Writing auth processing filter - how do you get the original username?

[greg....@gmail.com]

Hi,

I'm trying to make an auth processing filter, a bit like this one - https://github.com/simplesamlphp/simplesamlphp-module-yubikey - but for LinOTP (because then I can support multiple OTP options, not only YubiKeys) and I have a question to help make user's lives a bit easier. LinOTP needs to be passed a username along with the OTP. We already know the username, because prior to the second factor check LinOTP will carry out there's a standard LDAP login. I don't want to make users enter their username *again* - they did it once already. How do I retrieve the username they entered during the LDAP login to re-use at the LinOTP step, so I don't need to ask for it to be re-entered?

Thanks,

Greg

[Peter Schober]

* greg....@gmail.com <greg....@gmail.com> [2017-09-15 14:32]:

> I'm trying to make an auth processing filter

May I ask why not an authsource? Do you intend to allow logins
re-using the SSO session and only prompting for the second factor
alone? In most other cases I'd always ask for the token together (at
the same time, in the same login UI) as the primary authn factor.
-peter

[greg....@gmail.com]

On Friday, 15 September 2017 14:39:05 UTC+2, Peter Schober wrote:

May I ask why not an authsource? Do you intend to allow logins
re-using the SSO session and only prompting for the second factor
alone?

Exactly this! :-)

I don't want to use LinOTP as a single authsource, I want it to be an additional second factor check, which is how I currently have the YubiKey module working. If the person still has a valid LDAP session open with SimpleSAMLphp it just asks for a token.

[Peter Schober]

* greg....@gmail.com <greg....@gmail.com> [2017-09-15 14:44]:

> I don't want to use LinOTP as a single authsource, I want it to be an
> additional second factor check, which is how I currently have the YubiKey
> module working. If the person still has a valid LDAP session open with
> SimpleSAMLphp it just asks for a token.

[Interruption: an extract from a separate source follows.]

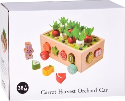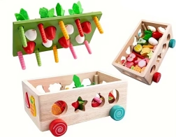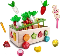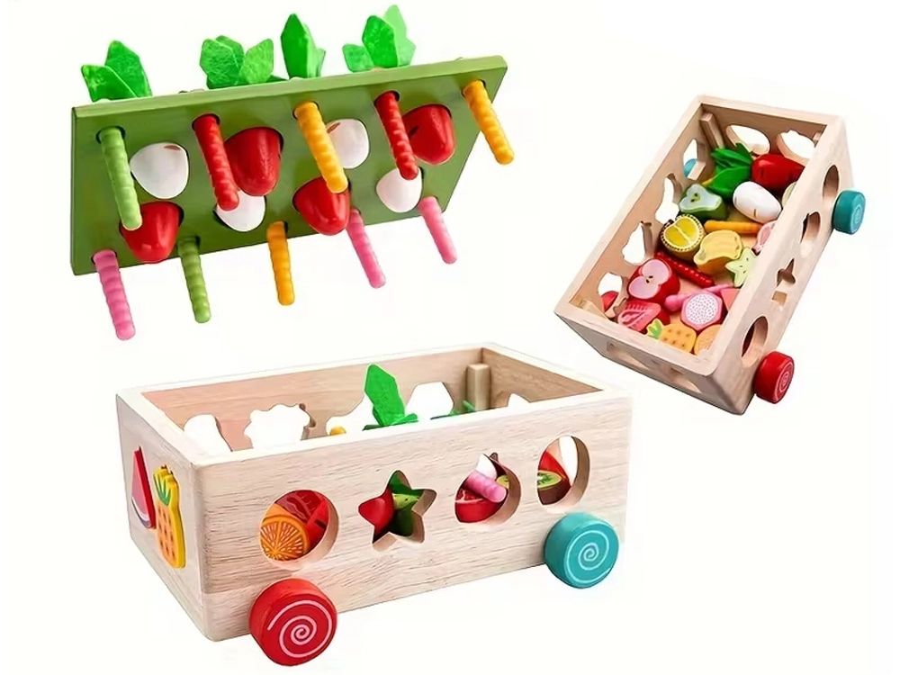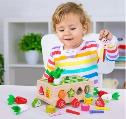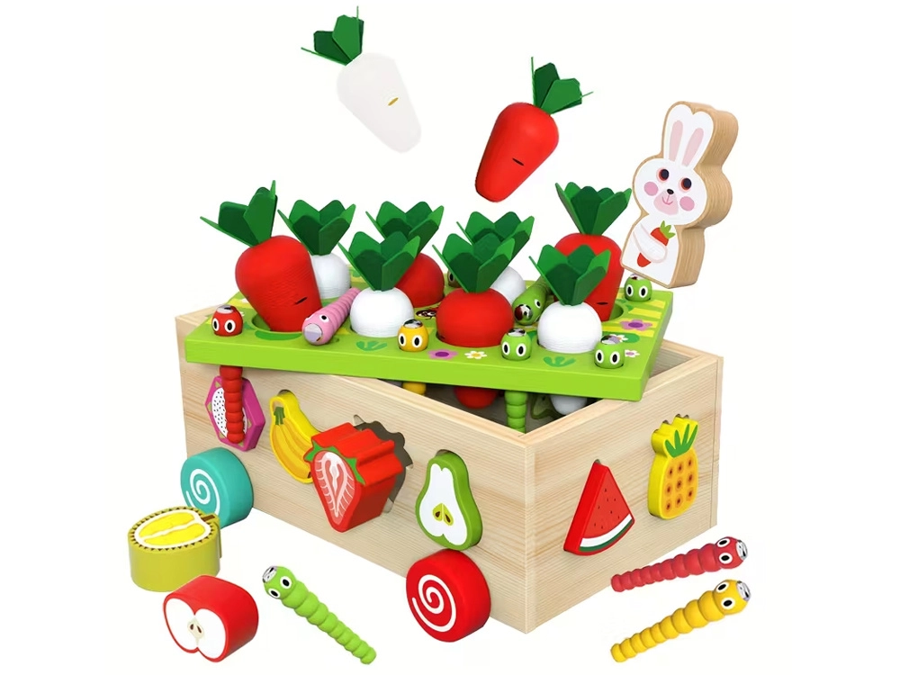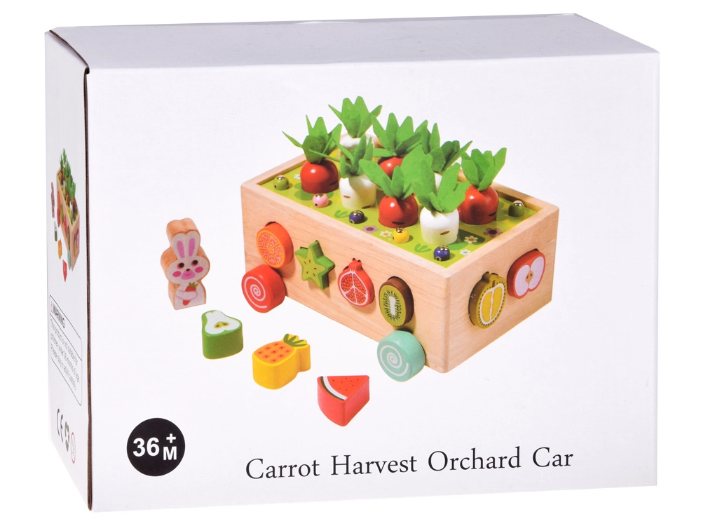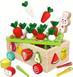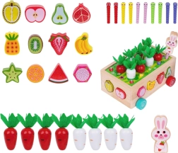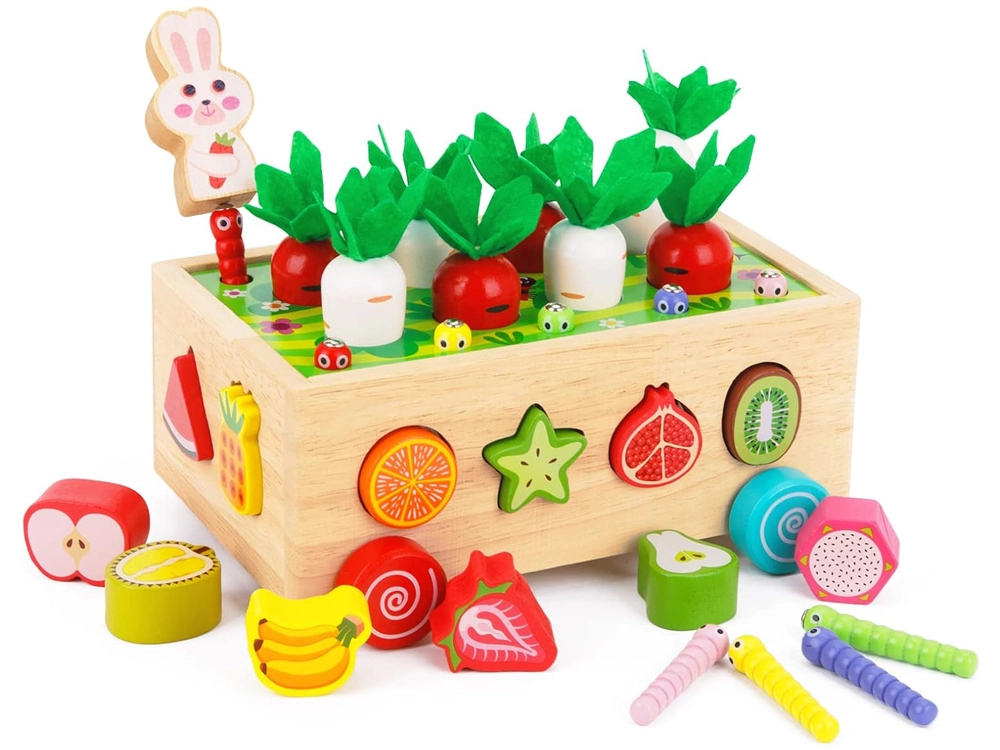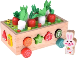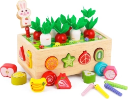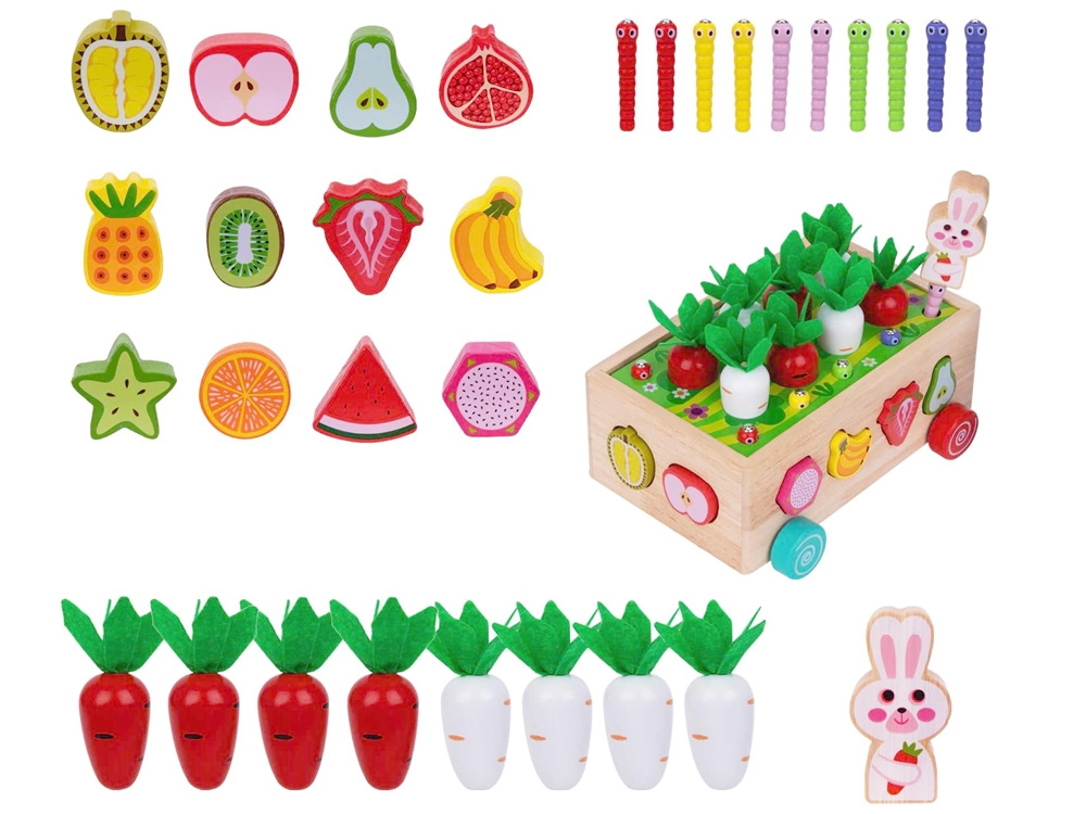 Šis daugiafunkcis medinis Montessori stiliaus rinkinys suteikia vaikams įvairios veiklos: morkyčių su veltinio lapeliais „sodinimas“ ir traukimas, magnetinis kirmėliukų gaudymas triušiuko figūrėle ir klasikinis spalvingų vaisių formų rūšiavimas į atitinkamas angas. Dėl tvirto atlikimo ir glotnių briaunų žaislas yra saugus ir patvarus kasdieniam žaidimui.

Well, have a look at some of the existing authproc filters that
operate on the UserID of the currently logged in subject, e.g.
https://github.com/simplesamlphp/simplesamlphp/blob/master/modules/core/lib/Auth/Process/TargetedID.php
This get's the 'UserID' key from the $state array.

No idea whether that's using the lates APIs and therefore makes a good
basis for new developments. though.
-peter

[greg....@gmail.com]

Though you make a good point, I could consider forking the LDAP core module and adding an 'OTP' field to it... That hadn't really occurred to me, because the "usual" approach to a second factor check is some kind of interstitial behaviour (see LastPass, NextCloud, Google, Linode manager, pretty much anywhere 2FA is done). In fact, I think the only place I've seen the OTP demanded on the same page as username and password is with Gandi.net.

[greg....@gmail.com]

On Friday, 15 September 2017 14:49:40 UTC+2, Peter Schober wrote:

Well, have a look at some of the existing authproc filters that
operate on the UserID of the currently logged in subject, e.g.
https://github.com/simplesamlphp/simplesamlphp/blob/master/modules/core/lib/Auth/Process/TargetedID.php
This get's the 'UserID' key from the $state array.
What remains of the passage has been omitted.